• [Source material]
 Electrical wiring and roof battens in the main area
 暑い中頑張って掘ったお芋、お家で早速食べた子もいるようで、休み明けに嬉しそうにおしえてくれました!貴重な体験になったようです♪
==
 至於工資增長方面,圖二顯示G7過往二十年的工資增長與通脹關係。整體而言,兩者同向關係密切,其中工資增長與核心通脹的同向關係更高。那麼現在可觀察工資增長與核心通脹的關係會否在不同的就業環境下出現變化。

• [What needs to be done]
Copy only this part of the entries above: the line with "Electrical wiring and", the line with "暑い中頑張って掘ったお芋、お", and the lines between, all exactly as written.

• [The completed task]
 Electrical wiring and roof battens in the main area
 暑い中頑張って掘ったお芋、お家で早速食べた子もいるようで、休み明けに嬉しそうにおしえてくれました!貴重な体験になったようです♪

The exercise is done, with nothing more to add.